澪里がそう言うと、他の皆もやる気を出してくれた。作り甲斐があるというもので、とても嬉しい。黒川が「買い物もあるでしょうから、私が付き添いましょうか?」と申し出てくれたので、有難くお願いすることにした。


「それじゃあ、オレはコレで。皆もレッスン頑張ってね!」

「うぃーっす!」

「ありがとうございます。」


皆から口々に礼を言われ、美幸は黒川と共に事務所を後にした。


「さて、と。美幸がいなくなったところで...。皆、ぶっちゃけ美幸の事どう思ってるの?」

「「ブーッ」」

「何言いだすんだよ!レッスンするんじゃなかったのかよ?!」

「レッスンよりも恋バナ優先でしょ?」


この社長は何を言い出すのか。レッスンよりも恋バナを優先させるなどと...。


「なによ?ウチの美幸の何処が気に入らないわけ?」

「酔っ払いかよ...。あーもー!す、好きだよ!人間として!」

「我々、仲間であるとともにライバルですから。」


その言葉を聞くと、喜子は満足気に頷いた。そして嬉々として美幸のどこがいいのか、と全員に聞いてきた。メンバー達が流石にそれは...、と言うと白田が、「社長、それはセクハラに当たりますよ」と苦言を呈した。白田に言われてしまえば喜子も強く出れない。

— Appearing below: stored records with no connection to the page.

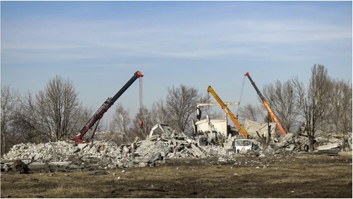 Công nhân dọn dẹp đống đổ nát sau cuộc tấn công bằng hỏa tiễn của Ukraine vào Makiivka, vùng Donetsk, làm hàng trăm lính Nga thiệt mạng. Ảnh chụp ngày 03/01/2022. AP
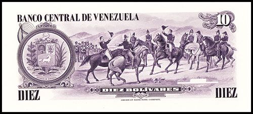 Venezuela, 1980, 10 Bolivares, P-57, Unlisted Progress Proof of partially engraved back with officers on horseback center right, printed in purple and mostly completely engraved but missing title on lower right, Printed on india paper on large white card. Bottom right has “10-2-80” date with no plate number. Uncirculated. ABNC. Rare Venezuela banknote production material. ABNC.
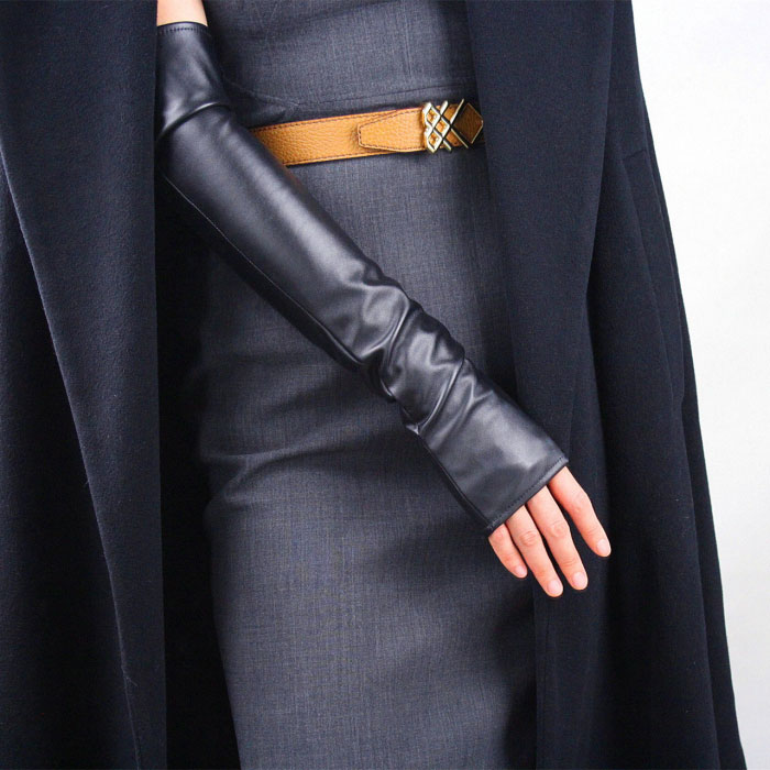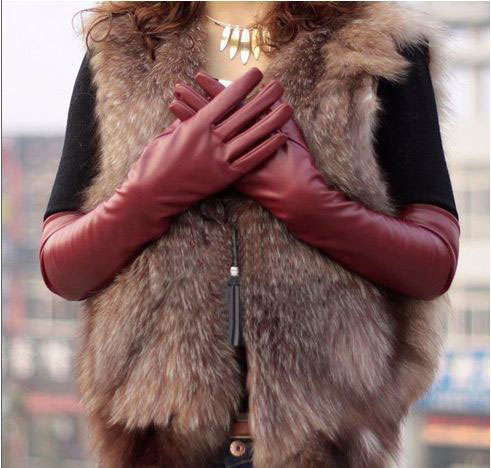 Suede would be an excellent alternative to leather. Suede long gloves always look expensive and luxurious. When choosing long gloves for a fur coat, try to create a light and intriguing look.
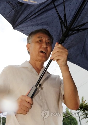| ▲ 자사 주가 시세조종 혐의로 구속돼 재판을 받은 성세환 BNK금융지주 회장이 법원의 보석 인용 결정으로 석방돼 22일 오후 부산구치소를 나서며 우산으로 얼굴을 가리고 있다.(사진제공=연합뉴스) | ||
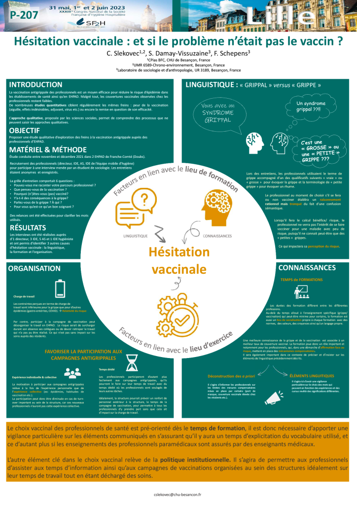 Le résultat le plus marquant est que les soignantes ne s’opposent pas à la vaccination, même si elles n’y trouvent pas un grand intérêt. Si elles refusent, ce n’est pas le vaccin en tant que tel mais c’est que se faire vacciner nécessite de laisser son poste de travail vacant. Cette vacance va désorganiser la journée et faire peser une surcharge de travail sur les collègues ou obliger à partir plus tard.
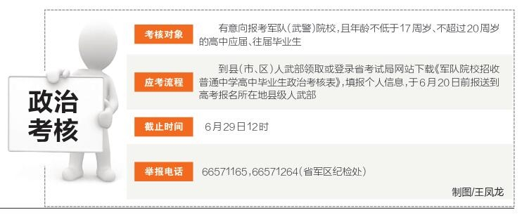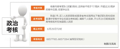 省军区招生办相关负责人表示,对于在政治考核工作中发生的徇私舞弊、收受钱物、以权谋私等违反纪律行为,欢迎广大考生和家长及时向省军区招生办举报。

「前から思ってたけど、社長って白田さんの言う事聞く事多いよね。その逆も然り。」

「あら?この子達知らないの?この2人付き合ってるのよ?」


「気がつかなかった?」と森からカミングアウトされると全員が驚きを隠せないでいた。


「ちょ、ちょっと花ちゃん!美幸も知らないのよ?!」

「あら、そうだったの。ごめんなさいね!驚かせてしまって。」


もう開いた口が塞がらない。家に帰ったら美幸に伝えるべきか否か...。自分達が知っていて美幸が知らないのは不公平だろう。よし。今日の夕飯の話題はこれに決まりだな。